Where do I run first?
Should I run to my husband? Sigh. No…not to Eric. This is a good place to run, but not the first place. By running to Eric, I could end up pelting him with anger, resentment, bitterness, shame, guilt, embarrassment, entitlement, and gosh knows what else. Further, I don’t want to heap on any responsibility, burden, shame, or anger. He’s adjusting to a new job while ever-so-carefully balancing the two most important women in his wife living under the same roof…which didn’t end so well last time. I will run to him, to be sure…but once he’s home, once he can sit, once he can hear in my voice that it really is all going to be okay.
I could run across the street. My mom is across the street (yes, literally), and she walked this road from 2016-2018. She may well have some great advice, but she’s also sure to have some not-so-great advice, not because she gives poor counsel, but because her mom is waaaaay different from my mother-in-law, it would be unfair to think she could have all the answers for me… and I don’t want to potentially put a divider between myself and Eric that way.

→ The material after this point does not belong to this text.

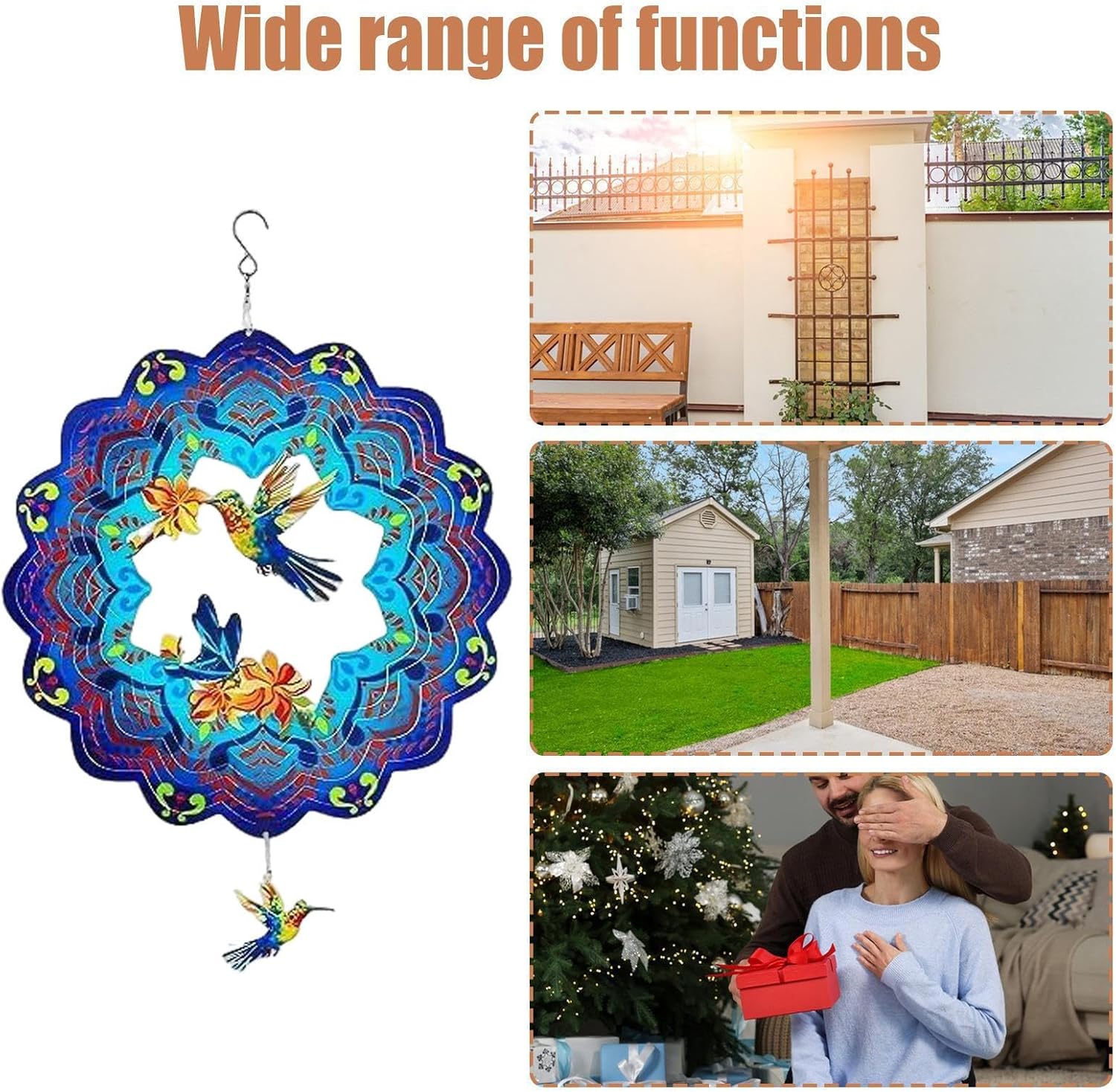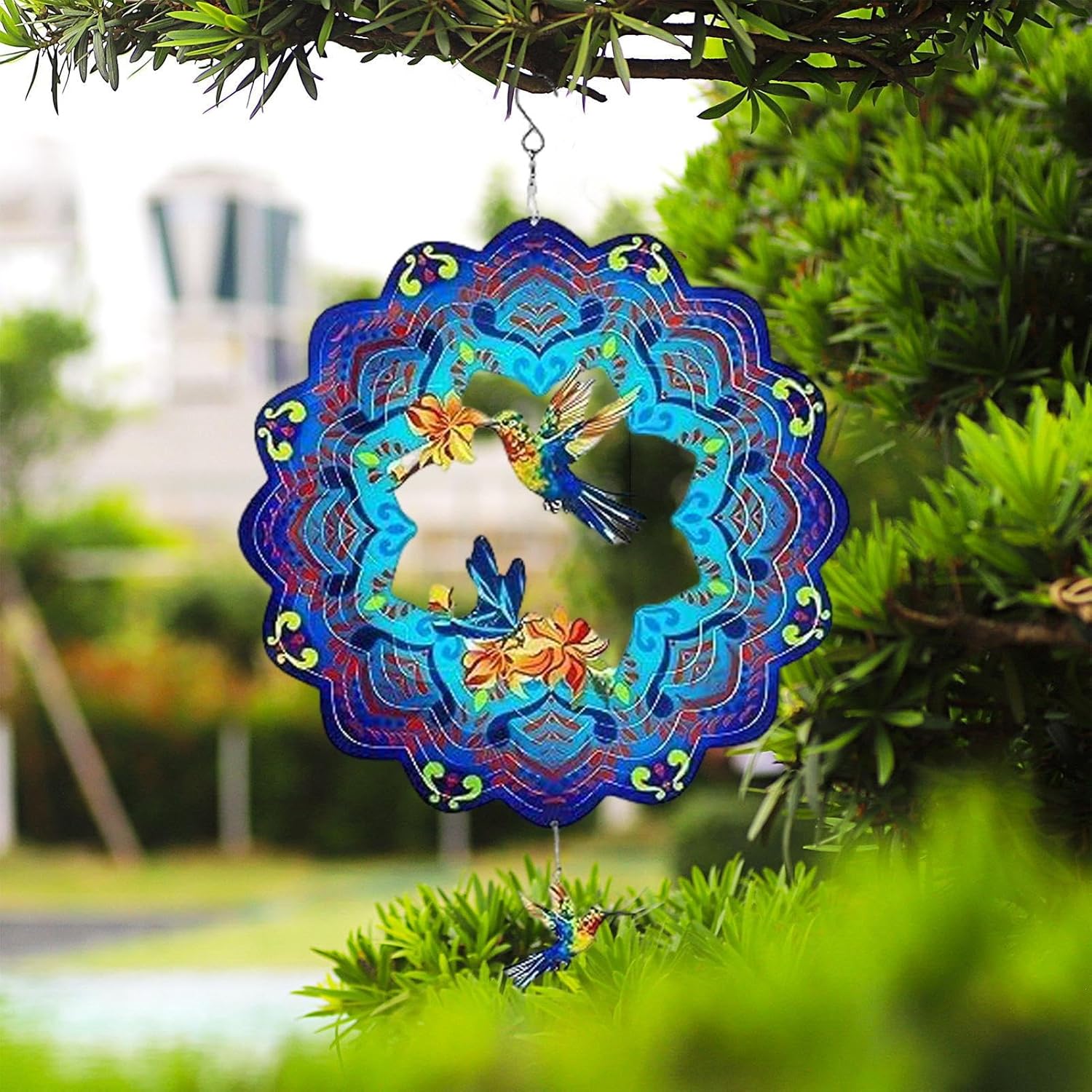Design affascinante: offre un movimento di rotazione senza interruzioni guidato da brezze delicate, amplificando il fascino estetico mentre la struttura a strati produce un sorprendente fascino visivo in qualsiasi ambiente Armonia artistica dei colori: porta un'atmosfera vibrante nel tuo cortile utilizzando ricche combinazioni di colori e finiture riflettenti, producendo un bagliore colorato radioso quando la luce interagisce con le superfici per un effetto accattivante Materiale eccellente: realizzate in metallo di alta qualità, queste girandole a vento sono resistenti alle intemperie, garantendo un uso a lungo termine senza sbiadire facilmente e mantenendo il loro fascino all'aperto Sospensione senza sforzo: l'inclusione di un gancio sulla parte superiore assicura che la sospensione di queste girandole a vento in metallo sia comoda e veloce, non richiedendo strumenti aggiuntivi e rendendo la decorazione esterna più accessibile che mai Ampie applicazioni: migliora il tuo balcone, veranda, patio, giardino, cortile o cortile con queste girandole, progettate per ampie applicazioni e fascino all'aperto

Then there’s Voxer. My best friends are just a click away. So do I run to Gail? No. Not to Gail. She has great counsel, she knows the backstory, she knows me better than most, and she walks closely with Jesus but it’s an outside party who really doesn’t know Eric that well and doesn’t know his mom at all. I’ll probably take all this to her once I’ve processed it, but not before. She’s been instrumental in me becoming less reactive, so it’d be pretty counter-productive.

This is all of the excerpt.